With our `hash-resize!`

function written, our work is now complete! Now if we add to a table past 80% capacity, it will automatically size up. If we set our initial size in the definition of `make-hash`

to 3, then:

```
> (define my-table (make-hash))
> (hash-table my-table) ; --> '#(() () ())
> (vector-length (hash-table my-table)) ; --> 3 (initial size)
> (hash-set! my-table "key1" "value1")
> (hash-set! my-table "key2" "value2")
> (hash-set! my-table "key3" "value3") ; -->
> (hash-table my-table) ; --> '#(() (("key3" . "value3")) (("key2" . "value2")) (("key1" . "value1")) () () ())
> (vector-length (hash-table my-table)) ; --> 7 (next prime after doubling 3)
```

## Conclusion

Hopefully with this exercise, you've gained some more intuition about how hash tables actually work behind the scenes. I also think this program can help show off some of the expressive power of Racket. If you have any questions or comments, please email me!

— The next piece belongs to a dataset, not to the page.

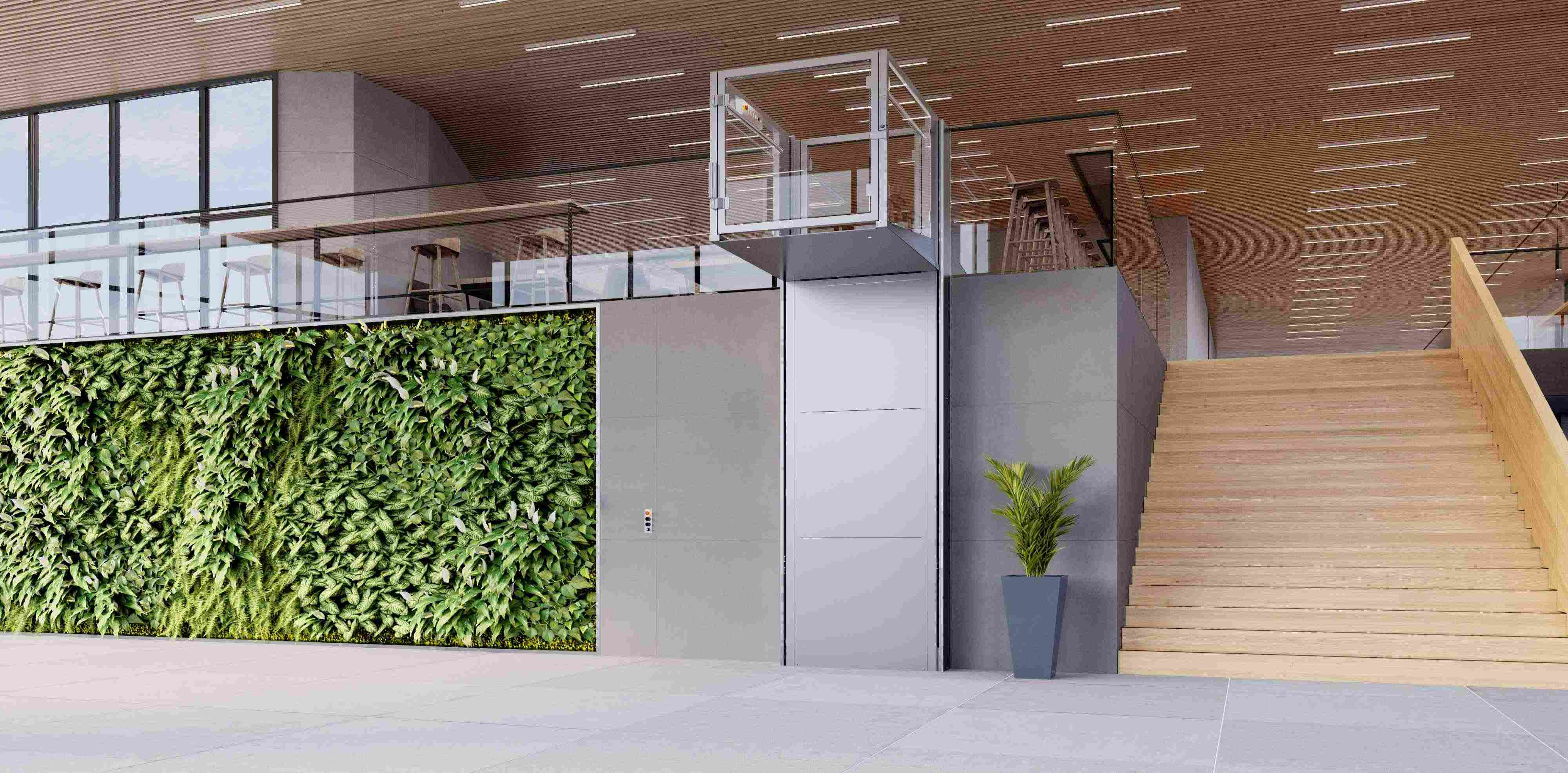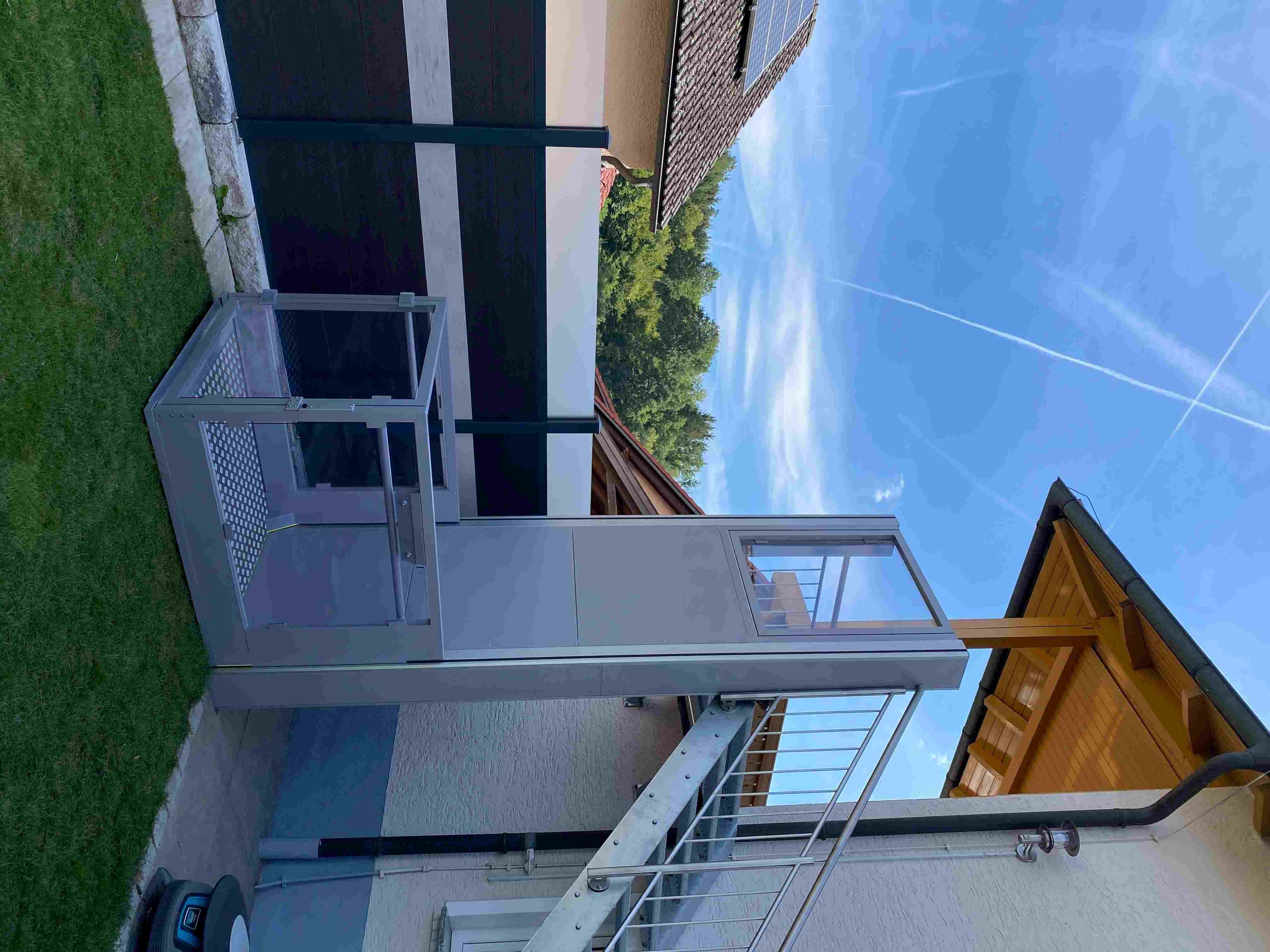 屋外にも設置可能で、昇降行程は最大4mです。(3m以上の場合は特注)
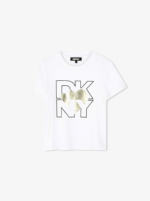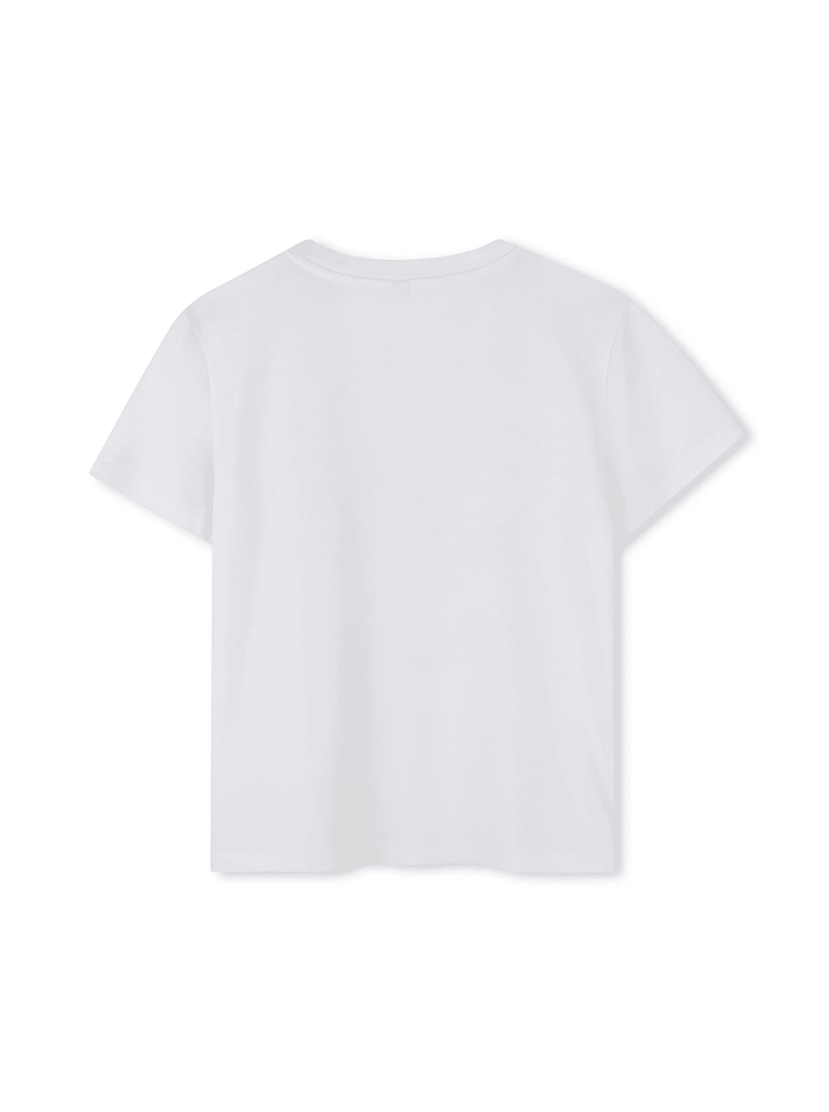Ajuste: Corte regular, gola arredondada, com mangas curtas e logo frontal

The full code can be found here.

### References

This post is inspired by Ben Awad's video on implementing hash tables in JavaScript. I also made use of this article by InterviewCake that outlines the main concepts surrounding hash tables.

### Notes

^{1}

See this answer on StackExchange for a more in depth explanation.

^{2}

If the same key has been set twice, it will collide, but the most recent key-value pair will appear first, so it will still be found first by findf. We could make this more precise by adding more logic to our set function to deal with this edge case.

^{3}

We could also dynamically decrease the size of the table as items are removed to decrease our memory footprint, but we won't get to that here.

^{4}

I don't love this solution, since it involves more mutation, but otherwise we would have to count the number of non-null elements in our table every time we wanted to calculate our load factor. This would need to be sequential, and so would force our insertions to occur in linear, rather than constant time, which we can't afford.

^{5}

This is inaccurate, since we shouldn't increment the counter when there is a collision, so there should be some extra logic here to check first.

^{6}

You'll notice this is the same code we used in hash-set! so we could pull out these lines into its own function instead of copy-pasting.